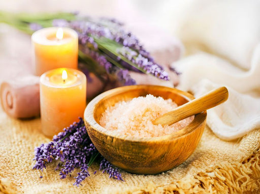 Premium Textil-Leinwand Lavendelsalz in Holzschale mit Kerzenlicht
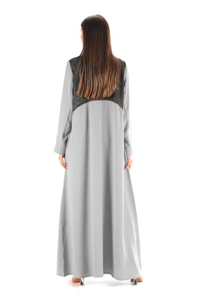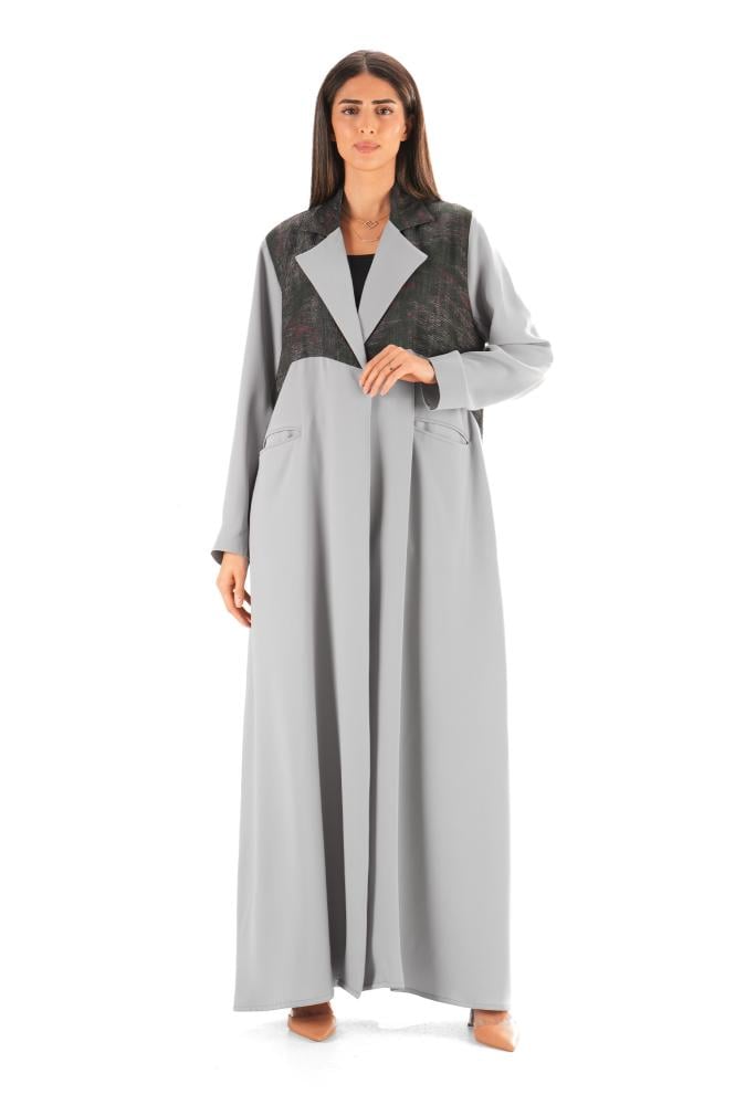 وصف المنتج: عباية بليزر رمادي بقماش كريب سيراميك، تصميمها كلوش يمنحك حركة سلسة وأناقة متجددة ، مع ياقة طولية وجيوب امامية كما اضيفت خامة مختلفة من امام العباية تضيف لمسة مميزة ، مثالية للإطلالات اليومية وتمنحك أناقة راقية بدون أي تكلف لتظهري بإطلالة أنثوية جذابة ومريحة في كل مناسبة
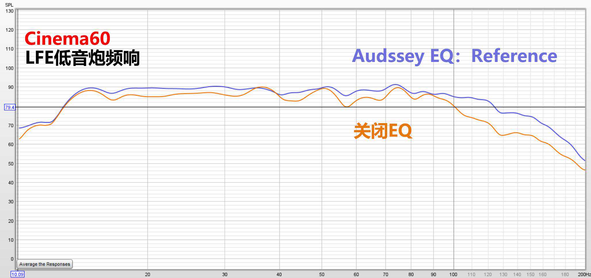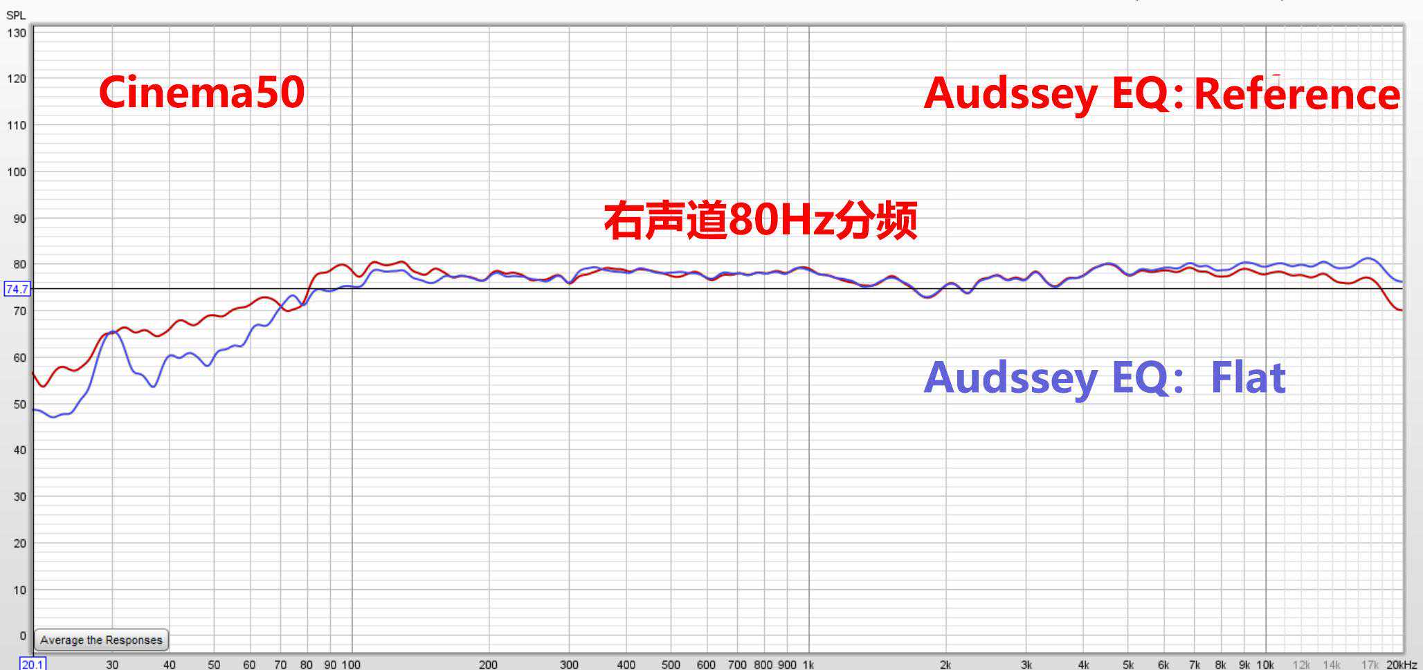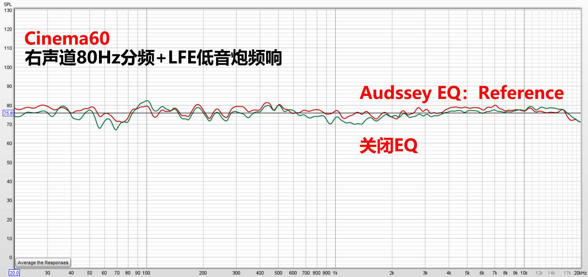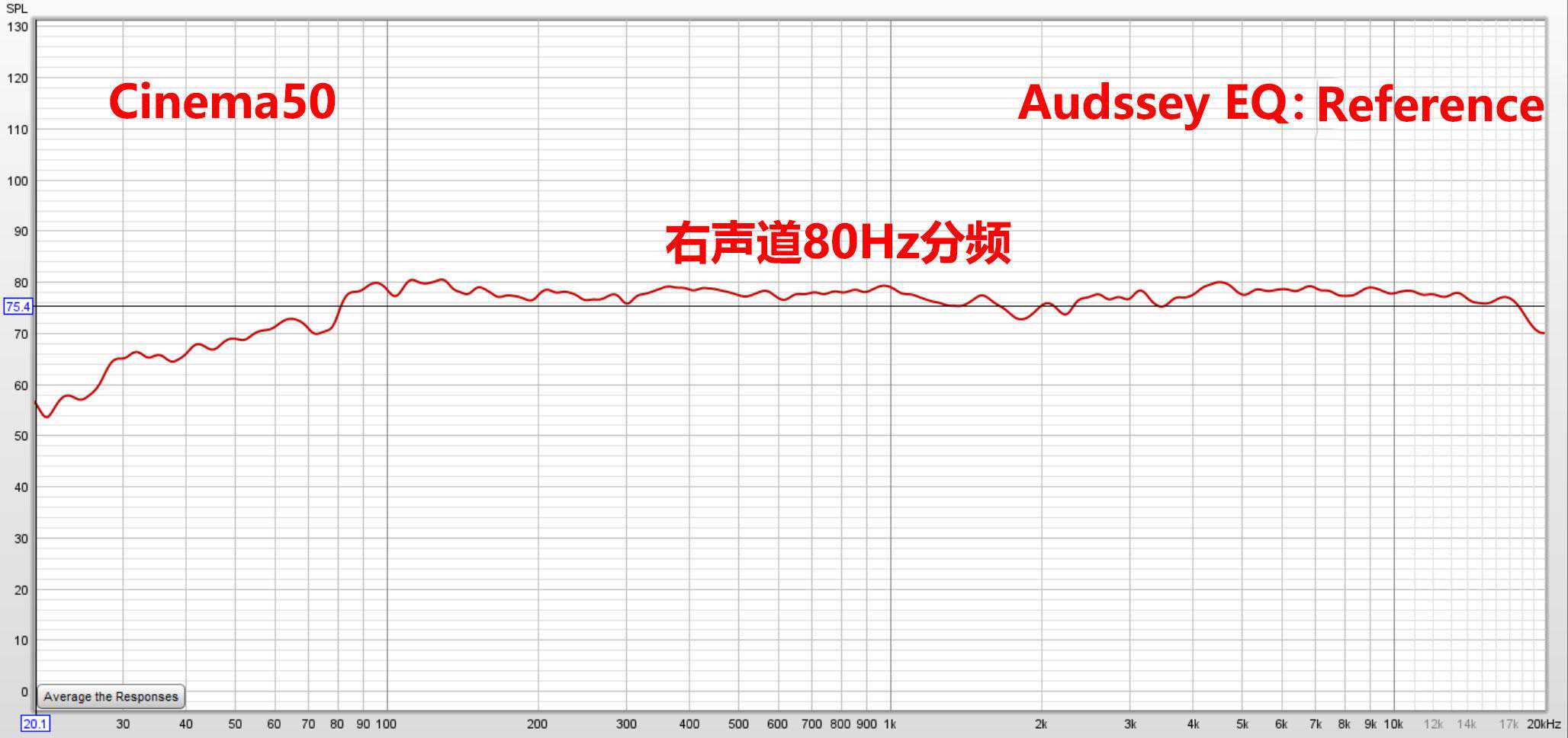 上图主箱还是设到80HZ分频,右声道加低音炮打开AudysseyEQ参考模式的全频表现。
---
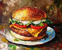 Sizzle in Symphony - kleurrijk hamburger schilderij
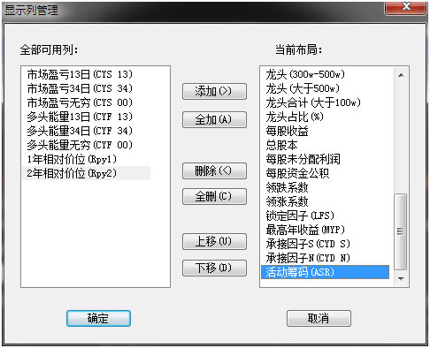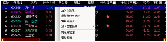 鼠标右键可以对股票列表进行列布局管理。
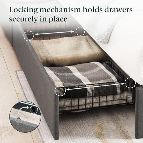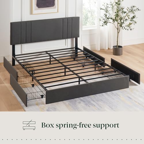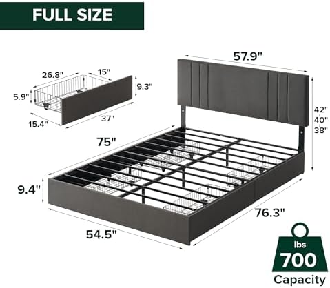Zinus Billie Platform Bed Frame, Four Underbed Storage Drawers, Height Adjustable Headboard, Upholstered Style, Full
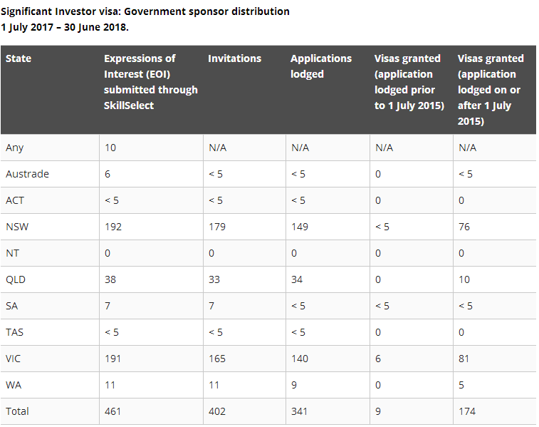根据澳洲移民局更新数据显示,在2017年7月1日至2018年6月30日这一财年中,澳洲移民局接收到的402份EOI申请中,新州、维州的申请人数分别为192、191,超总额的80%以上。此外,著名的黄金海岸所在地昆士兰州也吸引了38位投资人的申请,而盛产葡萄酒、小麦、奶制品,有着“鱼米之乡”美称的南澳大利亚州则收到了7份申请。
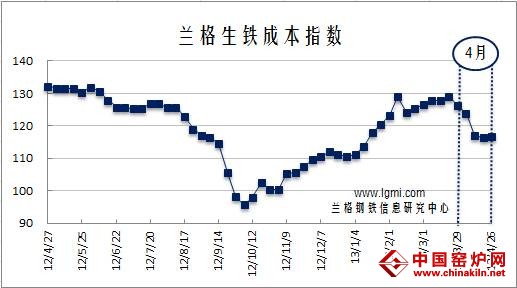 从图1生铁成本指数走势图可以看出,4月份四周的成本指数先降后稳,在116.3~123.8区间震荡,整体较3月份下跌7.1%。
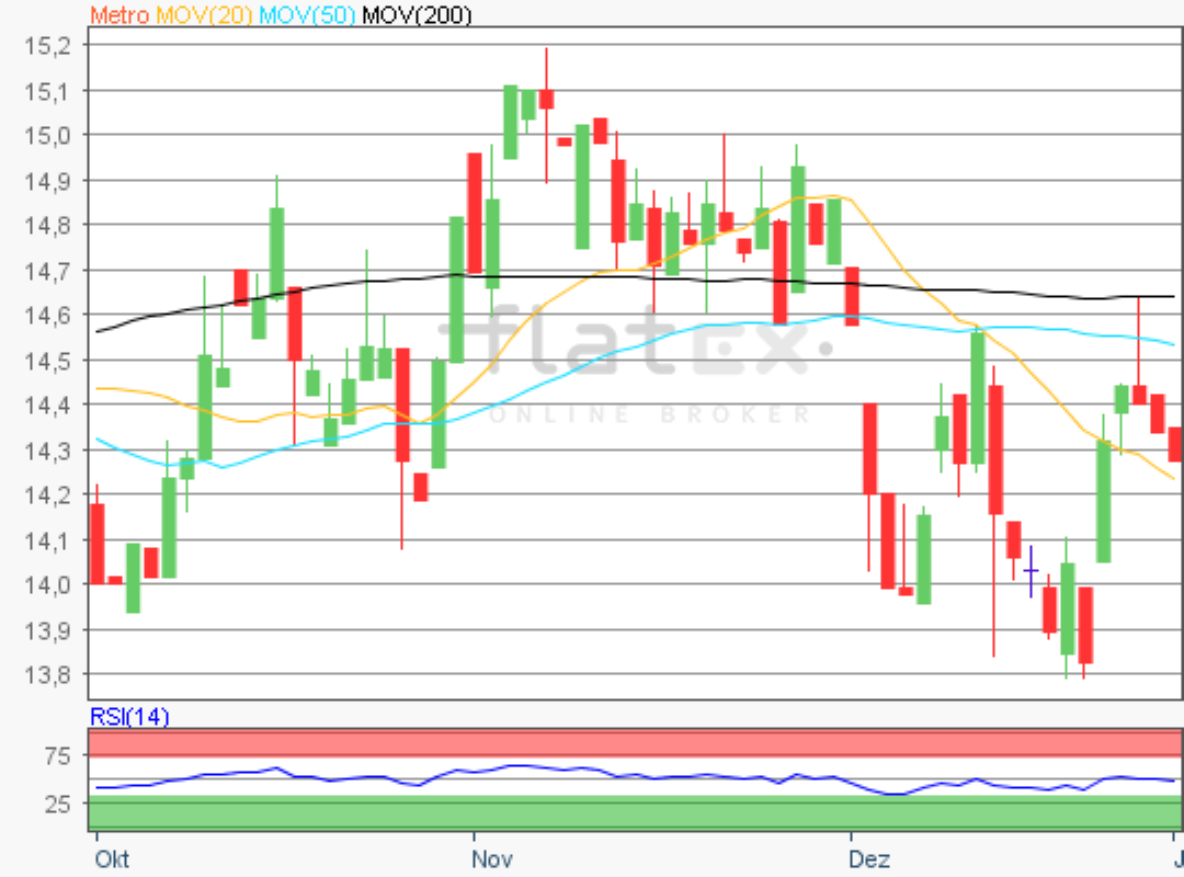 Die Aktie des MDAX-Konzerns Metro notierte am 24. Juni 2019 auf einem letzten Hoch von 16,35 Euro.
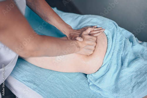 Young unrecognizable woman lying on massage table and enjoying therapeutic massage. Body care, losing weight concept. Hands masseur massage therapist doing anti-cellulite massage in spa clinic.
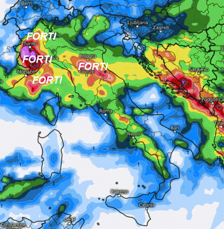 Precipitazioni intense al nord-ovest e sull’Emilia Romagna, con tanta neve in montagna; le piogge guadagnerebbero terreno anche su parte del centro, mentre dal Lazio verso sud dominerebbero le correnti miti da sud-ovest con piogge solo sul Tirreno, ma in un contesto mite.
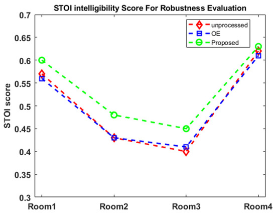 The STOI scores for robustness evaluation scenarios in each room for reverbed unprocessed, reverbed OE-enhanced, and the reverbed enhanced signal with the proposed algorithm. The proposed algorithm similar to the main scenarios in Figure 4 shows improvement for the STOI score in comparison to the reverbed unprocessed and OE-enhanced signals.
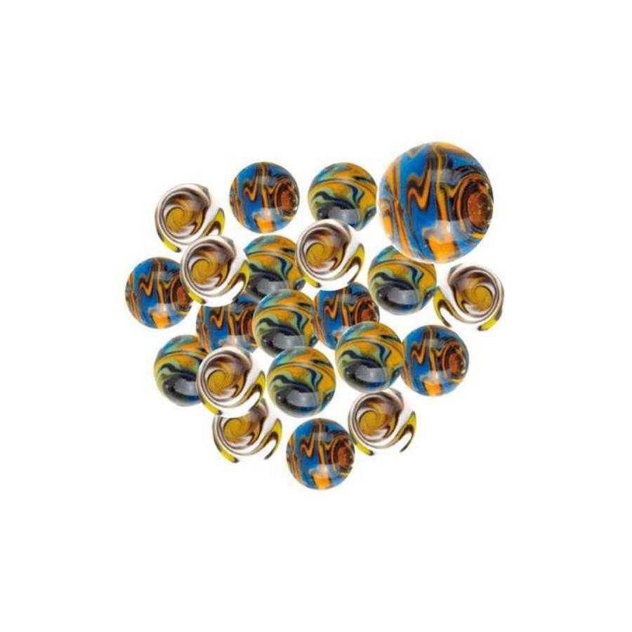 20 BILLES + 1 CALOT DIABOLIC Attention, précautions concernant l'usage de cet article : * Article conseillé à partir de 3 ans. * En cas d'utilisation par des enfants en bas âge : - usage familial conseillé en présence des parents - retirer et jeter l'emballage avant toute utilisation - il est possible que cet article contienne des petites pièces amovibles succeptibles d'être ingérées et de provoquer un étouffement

• WHAT THE TASK ASKS:
Above this task is a listing with pictures in it. Retype only the lines from the one containing "Zinus Billie Platform" through the one containing "Die Aktie des", both included, and not the pictures.

• SOLVED EXERCISE:
Zinus Billie Platform Bed Frame, Four Underbed Storage Drawers, Height Adjustable Headboard, Upholstered Style, Full
根据澳洲移民局更新数据显示,在2017年7月1日至2018年6月30日这一财年中,澳洲移民局接收到的402份EOI申请中,新州、维州的申请人数分别为192、191,超总额的80%以上。此外,著名的黄金海岸所在地昆士兰州也吸引了38位投资人的申请,而盛产葡萄酒、小麦、奶制品,有着“鱼米之乡”美称的南澳大利亚州则收到了7份申请。
 从图1生铁成本指数走势图可以看出,4月份四周的成本指数先降后稳,在116.3~123.8区间震荡,整体较3月份下跌7.1%。
 Die Aktie des MDAX-Konzerns Metro notierte am 24. Juni 2019 auf einem letzten Hoch von 16,35 Euro.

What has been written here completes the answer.